Latest Market Volatility Affects Stocks

By Horizon Investments

Prices on U.S. goods and services have generally been rising at roughly the pace investors expected, according to the latest inflation data released last week. For example:

CPI (which measures consumer inflation) rose by 2.3% during the 12 months through September—just slightly lower than anticipated.

Core CPI, which excludes the often-volatile food and energy sectors, was up 2.2% year-over-year—in line with estimates.

Additionally, the PPI (which measures the wholesale costs of goods and services) was up 2.6% over the past 12 months, as expected.

The one outlier: The cost of goods imported into the U.S. rose much more than expected.

In Europe, German industrial production disappointed—but the same indicator in the UK exceeded expectations, helping the continent as a whole beat estimates. Other UK data—such as GDP growth and manufacturing production—fell short of forecasts, however. In Asia, a mixed bag: Chinese import growth was weaker than expected, while Japan’s PPI was higher than predicted.

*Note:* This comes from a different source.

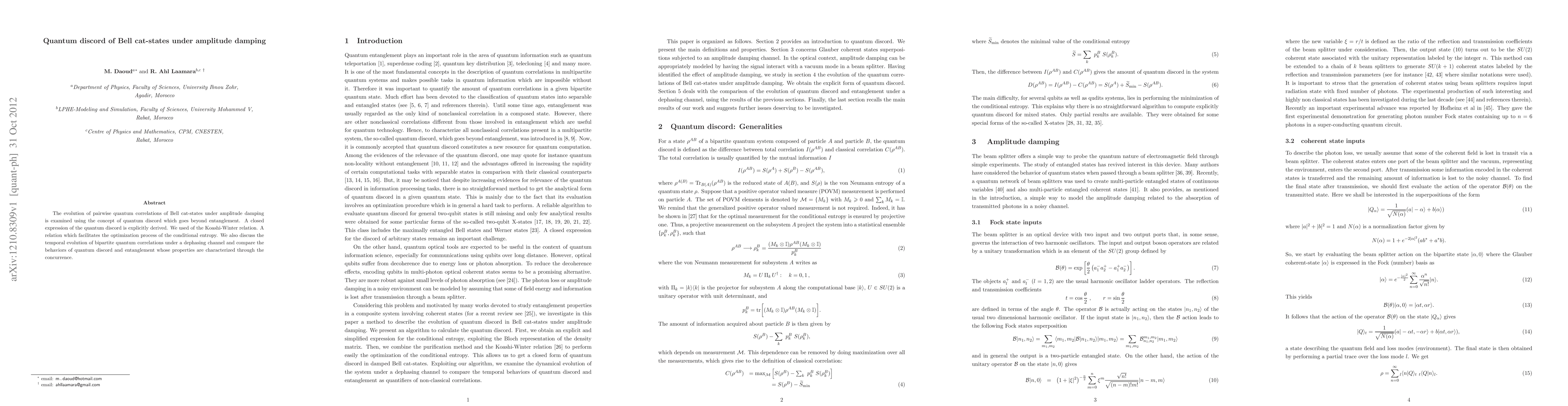 The evolution of pairwise quantum correlations of Bell cat-states under amplitude damping is examined using the concept of quantum discord which goes beyond entanglement. A closed expression of the quantum discord is explicitly derived. We used of the Koashi-Winter relation. A relation which facilitates the optimization process of the conditional entropy. We also discuss the temporal evolution of bipartite quantum correlations under a dephasing channel and compare the behaviors of quantum discord and entanglement whose properties are characterized through the concurrence.
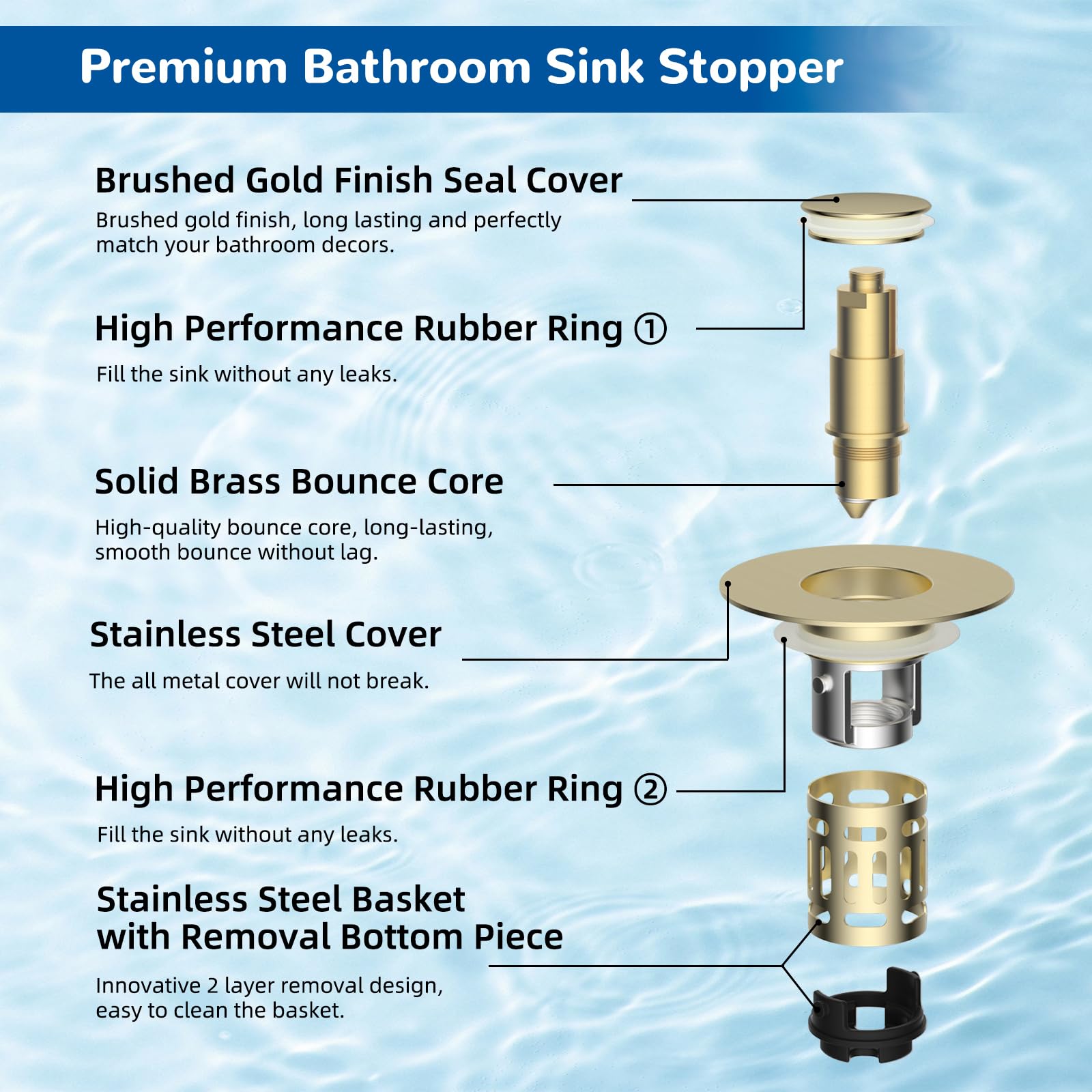 [Pop-up Design] Our pop-up sink drain strainer is made of high-quality stainless steel, plastic, and solid brass, providing exceptional rebound strength, corrosion resistance, and long-lasting durability. It features a long-lasting and sensitive pop-up brass bullet core mechanism, allowing you to easily switch between the water storage and fast drainage modes with just a gentle press

Meanwhile, Australian business confidence topped estimates while the country’s home loan growth disappointed.

Global equity markets saw significant losses and volatility last week, fueled largely by the previous week’s sharp rise in U.S. interest rates that prompted investors to reassess their outlook for the economy and the equity markets. In the U.S., market indices suffered their worst weekly returns since March. Defensive sectors such as utilities and consumer staples fared best, while cyclical sectors such as materials and industrials were the weakest performers.

Related: Unemployment Rate Hits 48-Year-Low to Start Q4

European equity markets also tumbled, as concerns about Italy’s budget continued and after Germany cut its growth expectations. Japanese stocks also suffered in the wake of U.S. market losses and as more investors began to fear the negative effects that a trade war could potentially have on corporate earnings.